_Task item_
Nothing outside the range below should be printed. Output exactly the lines from the line with "Ekte til venstre, falsk til høyre" to the line with "Denne pinsen ble", both included.

_Records provided_
================================
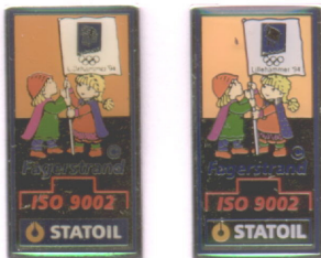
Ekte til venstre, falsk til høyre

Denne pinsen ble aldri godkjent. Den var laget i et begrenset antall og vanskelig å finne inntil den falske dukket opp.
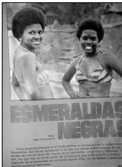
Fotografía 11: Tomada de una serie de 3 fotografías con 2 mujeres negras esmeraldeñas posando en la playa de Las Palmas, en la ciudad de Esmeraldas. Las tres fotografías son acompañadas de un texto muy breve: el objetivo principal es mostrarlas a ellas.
================================
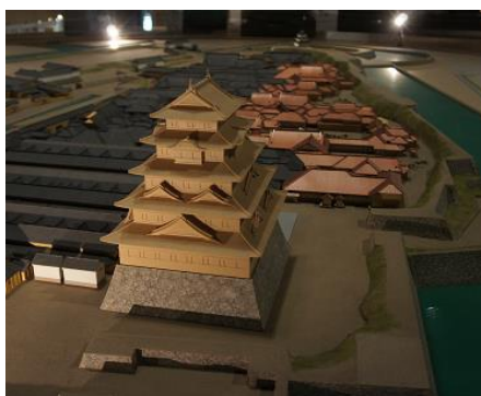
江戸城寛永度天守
================================
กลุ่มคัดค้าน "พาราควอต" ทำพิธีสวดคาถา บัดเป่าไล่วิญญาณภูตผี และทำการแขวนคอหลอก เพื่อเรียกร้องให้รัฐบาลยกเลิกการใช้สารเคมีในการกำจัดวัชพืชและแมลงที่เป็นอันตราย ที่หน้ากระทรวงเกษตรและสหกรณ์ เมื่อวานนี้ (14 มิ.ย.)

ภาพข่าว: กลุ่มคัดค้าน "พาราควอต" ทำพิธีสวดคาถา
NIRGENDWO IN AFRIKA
================================
_Problem solution_
Ekte til venstre, falsk til høyre

Denne pinsen ble aldri godkjent. Den var laget i et begrenset antall og vanskelig å finne inntil den falske dukket opp.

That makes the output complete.